Anti-Patterns and Worst Practices – You’re Doing it Wrong!

doing-it-wrong When shown ideal code, I think developers understand why it is favorable. When it is regarding Separation of Concerns (SoC) or Single Responsibility Principle (SRP) the consensus is something along the lines of “of course, that makes sense”. But not always do these same developers actually practice the techniques or principles. It’s always nice to see good code, but I think it’s also important to look at bad code from time-to-time.

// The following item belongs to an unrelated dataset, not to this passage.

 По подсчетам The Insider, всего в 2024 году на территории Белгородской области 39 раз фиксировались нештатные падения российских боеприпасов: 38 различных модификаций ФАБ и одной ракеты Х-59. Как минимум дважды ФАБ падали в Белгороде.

Just as there are best practices, there are also worst practices. When you see some of these worst practices, you should do your best to acknowledge them, avoid them and try to remove them from your code, even if you have to do it little by little. The side effects of these are probably going to cause you a lot of frustration and pain in the future if they stick around for too long.

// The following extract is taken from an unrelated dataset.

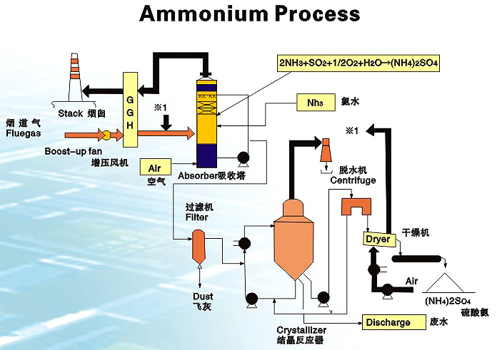湿式氨法烟气脱硫采用氨作为吸收SO2的吸收剂,该法脱硫剂利用率高,可形成氨肥,针对于钢铁企业,可以利用焦化废水治理烧结及自备电厂废气,是一条以废治废的途径。湿法氨法烟气脱硫技术根据吸收液再生的方法不同,可分为氨-酸法,氨-亚铵法和氨-硫铵法等。

Here’s the four I’ve decided I’m going to single out over the next week:

Part 1 : The Arrowhead Anti-Pattern

This anti-pattern is quite simple. You’ll see an “arrowhead” form when your code has conditionals and loops nested within each other, over and over. The reason that this is bad is because it increases the cyclomatic complexity of the code. The higher the cyclomatic complexity, the more it is prone to bugs and defects, thus the harder it is to ensure the code works as expected.

Part 2 : Monster Objects

Sometimes referred to as God objects, these are objects that are just too big, bulky and hard to manage. If you’re familiar with ASP.NET, you’ll be familiar with HttpContext, a Monster object.

Part 3 : Heisenbugs

A Heisenbug is named after Heisenberg’s Uncertainty Principle. Which states that the state of an object cannot be accurately measured, because any attempt to do so will change the result. In software, this can manifest itself when breaking the Command-Query Separation design guideline.

Part 4 : Utils Class

In the software world, you’re probably going to come across a class with this name at some point. What does it do? Nobody knows, that’s why it exists. When you see a Utils (or Utility) class, its existence is probably due to laziness or lack of domain knowledge.

About Chris Missal

Oh hey, I'm a Senior Consultant for Headspring in Austin, TX. I've been working in software professionally since 2006 and I really, really love it. I'm mostly in the Microsoft world, but enjoy building computer things of all sorts (to be vague). When I'm not slinging code, I'm probably out and about slinging discs, bowling balls, or good beer with great friends.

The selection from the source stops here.